Optimal Needle Placement for Ultrasound-Guided Knee Joint Injections or Aspirations

Boqing Chen1, Lawrence P Lai1*, Nitin Putcha2, Todd P Stitik1, Patrick M Foye1 and Joel A DeLisa1
1New Jersey Medical School, Department of Physical Medicine and Rehabilitation, Newark, NJ, USA
2University of Miami Miller School of Medicine, Miami, Florida, USA
Corresponding Author : Lawrence P Lai
Department of Physical Medicine and Rehabilitation
New Jersey Medical School, NJ, USA
Tel: 1 973-972-4783
E-mail: [email protected]
Received September 15, 2014; Accepted October 24, 2014; Published October 26, 2014
Citation: Chen B, Lai LP, Putcha N, Stitik TP, Foye PM, et al. (2014) Optimal Needle Placement for Ultrasound-Guided Knee Joint Injections or Aspirations. J Trauma Treat 3:216. doi:10.4172/2167-1222.1000216
Copyright: © 2014 Chen B, et al.
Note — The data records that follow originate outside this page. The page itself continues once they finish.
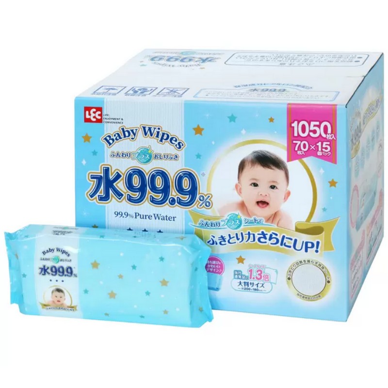 (1050枚入り レック ふんわりプラス おしりふき)LEC 水99.9% 赤ちゃん 大判 シート ベビーワイプ 70枚入り×15 アイプラス 日本製 大容量 14110
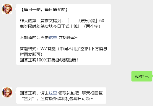 今日问题:昨天的第一篇推文提到:「____-线条小狗」60点券限时秒杀皮肤今日正式上线!(两个字)
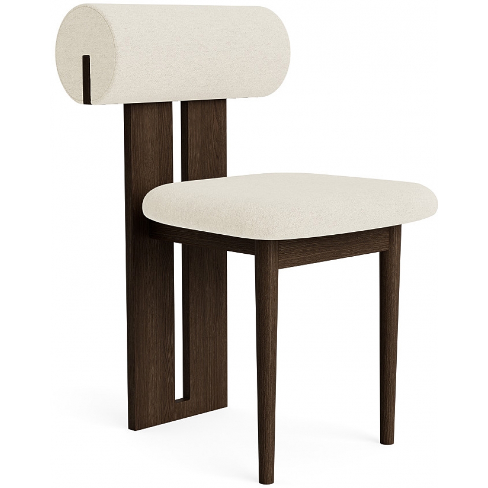 Inspiriert von den Formen der 70er Jahre, aber für einen modernen Lebensstil entworfen, zeichnet sich Hippo durch sein freigeistiges Design aus. Die abgerundete Rückenlehne des Stuhls lädt zu einer freieren Sitzposition ein, in der Sie Ihren Rücken oder Arm bequem ablegen können. Der Hippo Chair | Full Upholstery ruht auf zwei stabilen Holzbeinen, die Sitz und Rücken nahtlos miteinander verbinden. Das markante Holzprofil wirkt wie ein fast architektonisches Element, das in starkem Kontrast zu der abgerundeten, weichen Rückenlehne und Sitzfläche steht.
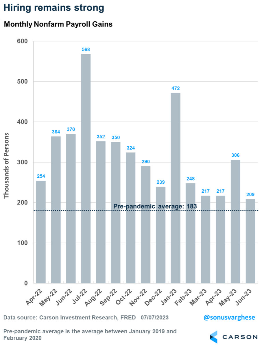 As we noted last week, June 2023 marked the second-best six-month start for the S&P 500 this century, beaten only by 2019. But just because stocks were up significantly during the first six months of the year doesn’t mean weakness will follow. In fact, stocks typically outperform the rest of the year when the first six months are strong. We think new all-time highs are possible for stocks in 2023. However, we want to be clear: August, September, and October have not historically been great months for stocks. We remain overweight stocks and expect higher prices before the end of 2023, but some type of seasonal weakness over the coming months would be perfectly normal. As President Dwight D. Eisenhower said, “Plans are useless, but planning is everything.” Make a plan now should stocks see some weakness this fall, as it could be an opportunity to add to exposure.
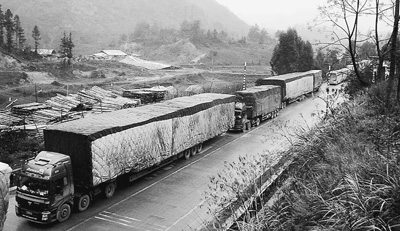 1月2日,眾多車輛滯留在210國道廣西南丹縣六寨段。符龍強攝(新華社發)
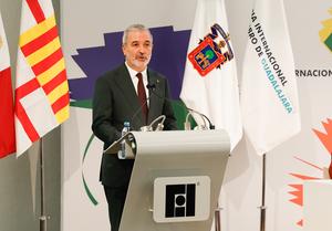 (251130) -- JALISCO, 30 noviembre, 2025 (Xinhua) -- Imagen del 29 de noviembre de 2025 del alcalde de Barcelona, Jaume Collboni, hablando durante la inauguraciónde la 39ª edición de la Feria Internacional del Libro (FIL) de Guadalajara, en la ciudad de Guadalajara, estado de Jalisco, México. La FIL de Guadalajara inició el sábado sus actividades en México con la entrega del Premio FIL de Literatura en Lenguas Romances 2025 al escritor franco-libanés Amin Maalouf, reconocido por ser una de las voces más representativas de la literatura francesa contemporánea. (Xinhua/Diana Márquez) (fc) (rtg) (da)
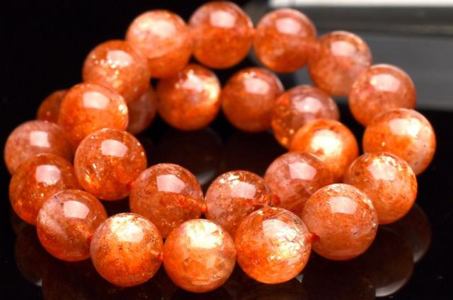 【1点物】上質◇眩い雲母の宝庫 マイカサンストーン 7mm ブレスレット 金運・仕事運【ネコポス送料無料】_U6613
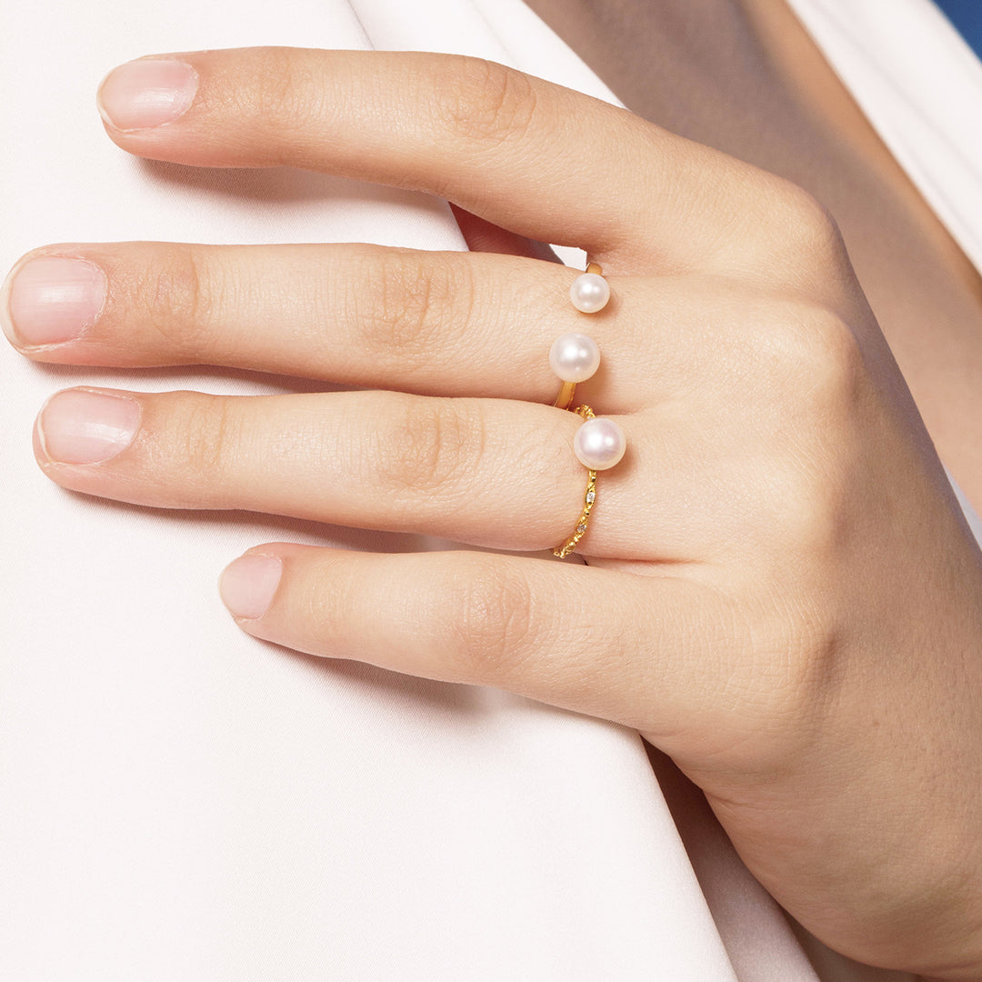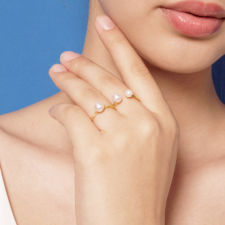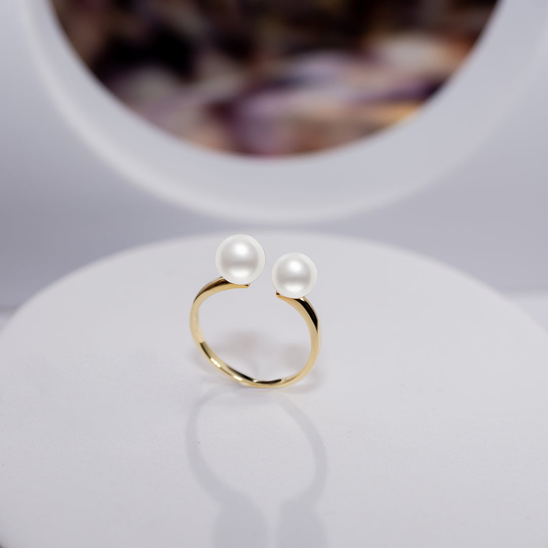 優雅でスタイリッシュ、そして自分らしさをアピールする準備ができている女性のための真珠のリング。クラシックな服装にインスパイアされた若い個性的な女性たちに着用されるべきです。現代的なデザインのダブル真珠のリング
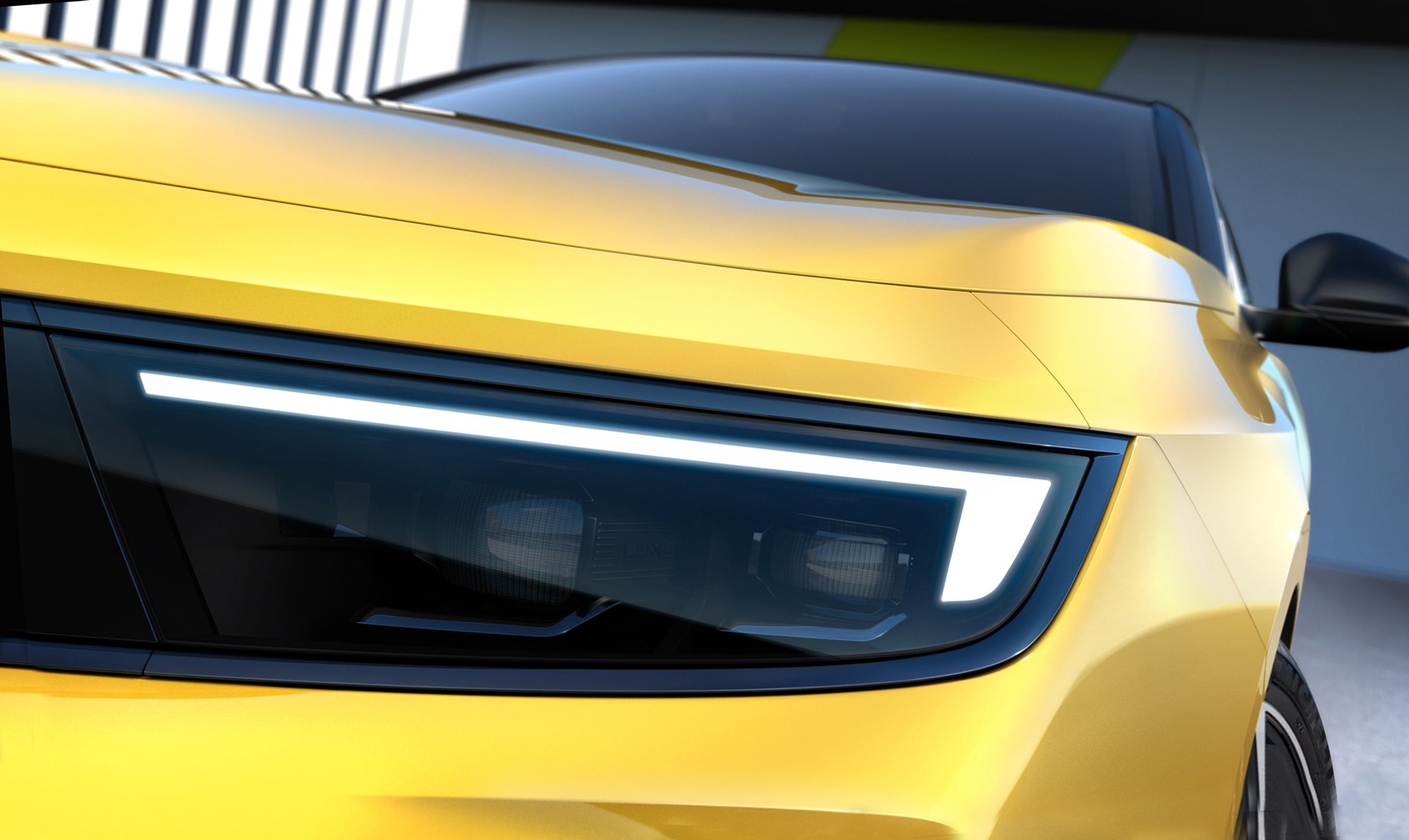 Opel fortæller derimod direkte, at Astra bl.a. får en ny udgave af mærkets adaptive matrix-forlygter og viser et udsnit af førerpladsen, hvor man kan se, at midterskærmen og skærmen i instrumenthuset visuelt går ud i ét.
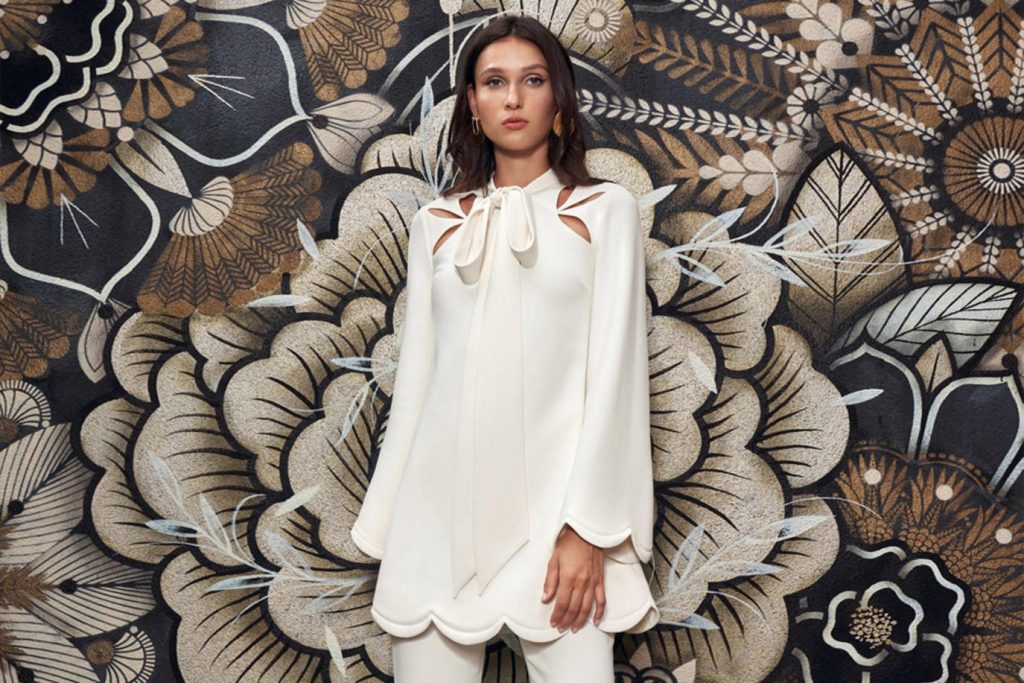 لإطلالة راقية وأنيقة، يمكنك ان تختاري هذا الطقم من تصميم زهير مراد Zuhair Murad والذي يتميّز بتصميمه المبتكر. يتألف الطقم من سراوال قصير وتونيك مزيّن بعقدة على الرقبة مع بعض الأماكن المكشوفة عند الكتفين على شكل الأزهار. يمكنك أن تزيّني هذا الطقم بإكسسوارات باللون الذهبي لتزيدي من إشراقة إطلالتك، أو أن تختاري إكسسوارات باللون الأحمر لتمنحيها بعض الجرأة.
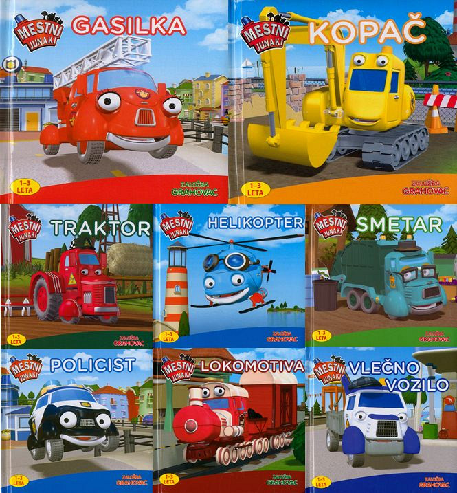 Zbirka Mestni junaki vsebuje osem zgodb o gasilki Gasji, policistu Poldiju, helikopterju Heloju, traktorju Timotu, itd.
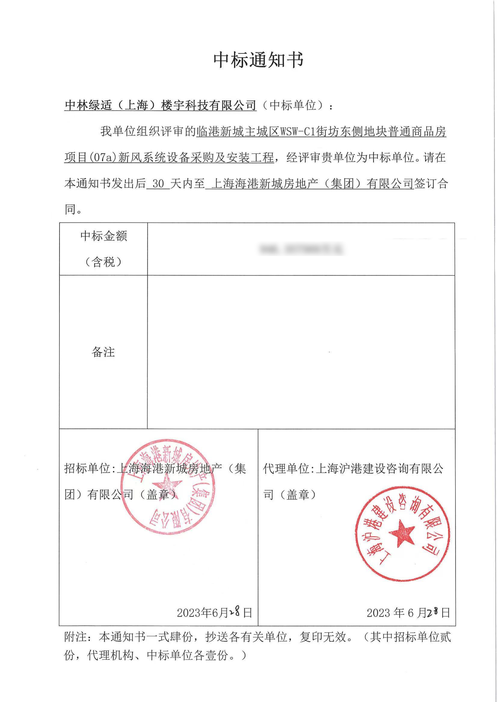 上海沪港建设咨询有限公司受上海海港新城房地产(集团)有限公司委托,就其临港新城主城区 WSW-C1 街坊东侧地块普通商品房项目(07a)新风系统设备采购及安装工程进行公开招标。6月28日,经评审委员会评审综合考量,中林绿适(上海)楼宇科技有限公司凭借雄厚的技术实力及良好的市场信誉,成为该新风系统项目指定服务商。
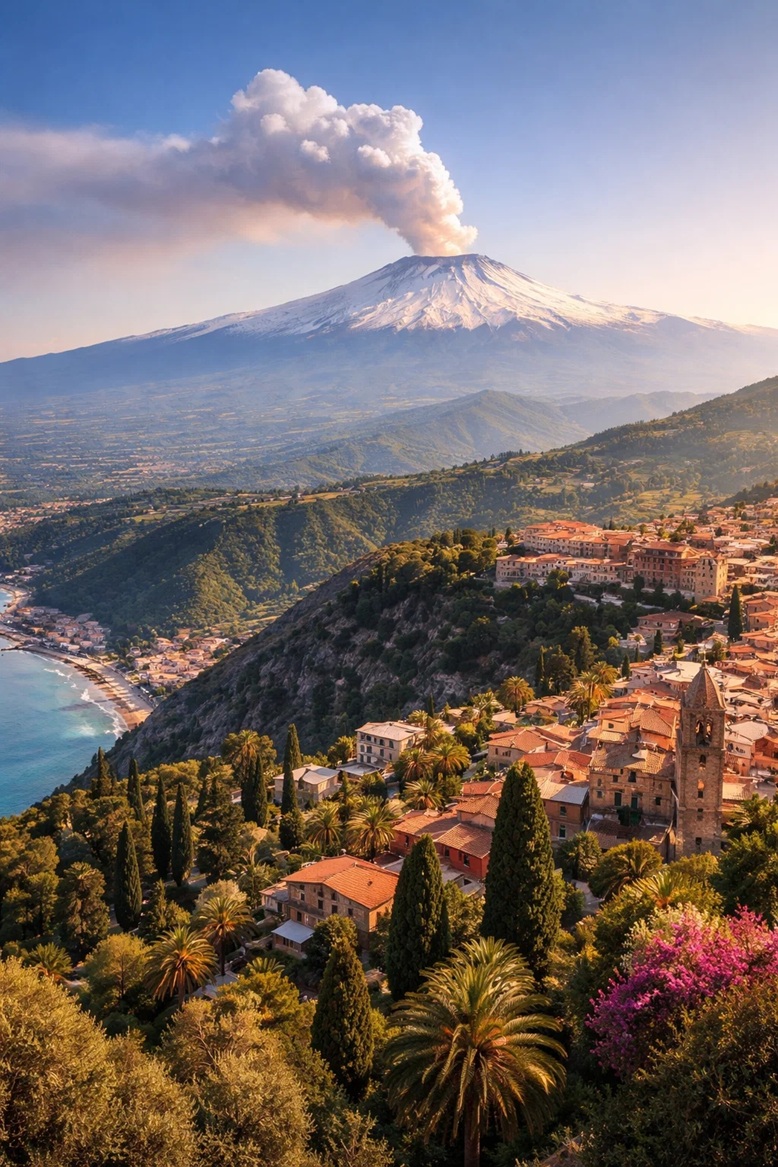 Der Ätna ist, mit einer Oberfläche von etwa 1.250 km2 und einer Höhe von etwa 3.350 m ü. d. M., der größte Vulkan Europas, und kann auch, im Bezug auf die sich in den letzten Jahren wiederholten Ausbrüche, als einer der weltweit aktivsten Vulkane bezeichnet werden. Von seiner Höhe aus herrscht er über Sizilien, über die drei Meere die die Insel umgeben und über Kalabrien. Der Ätna bietet vielfältige und eindrucksvolle Aspekte seiner Landschaft an, wie hunderte von Nebenkratern, spektakuläre Lavaströme, Wälder, Zitrusfrucht-anbauten und grüne Weinberge, die die naturwissenschaftliche Neugier und das touristische Interesse der Besucher aus aller Welt erwecken. Zwei moderne und nagelneue Autobahnen die Palermo und Messina mit Catania verbinden ermöglichen es den Ätna aus jeder Richtung in kurzer Zeit zu erreichen. Die Drahtseilbahn, oder anderenfalls die zur Verfügung gestellten speziellen Geländewagen, erlauben es die höheren Vulkanzonen zu erreichen für einen Ausflug der den Sommerurlaub bereichert und im Winter eine seltene, wenn nicht die einmalige Möglichkeit bietet nur wenige km vom Meer entfernt, Wintersportarten zu betreiben. Der Ausflug wird in den genehmigten Kraterzonen durchgeführt. Die erreichbare Höhe und der Ablauf des Ausfluges können sich gemäß den Genehmigungen der zuständigen Behörden ändern.
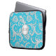Esta brilhante bolsa de laptop azul aqua e prateada floral damask tem um medalhão de prata FAUX com uma caixa de texto para você adicionar seu próprio nome, monograma ou outro texto. Se precisar de ajuda para personalizar, envie um email para niteowlstudio@gmail.com.

This is an open-access article distributed under the terms of the Creative Commons Attribution License, which permits unrestricted use, distribution, and reproduction in any medium, provided the original author and source are credited.
 

Abstract

Although the inferomedial and inferior midline approaches are commonly used for intra-articular injection or aspiration of the knee joint, they may not be ideal for optimal needle placement. With these approaches, the fat pad may be contacted, which may lead to the injection of medication in the incorrect region, cause severe pain during the injection procedure, or present a false sign of low yield of fluid aspiration. Therefore, the objective of this study was to compare various approaches for knee injection and aspiration to identify the optimal one for needle placement. In this retrospective study, the ultrasound images of bilateral knee joints in 33 consecutive patients with knee pain were studied. This patient population was divided into two groups: Group A with knee effusions (n=10) and Group B without knee effusions (n=23). The results showed that among 90% of patients in Group A and 100% of patients in Group B, the superolateral view allowed visualization of the greatest amount of intra-articular knee fluid and the least amount of fat pad. In conclusion, the ultrasound-guided superolateral approach appears to be an optimal approach for knee intra-articular injection or aspiration compared to the conventional inferomedial and inferior midline approaches.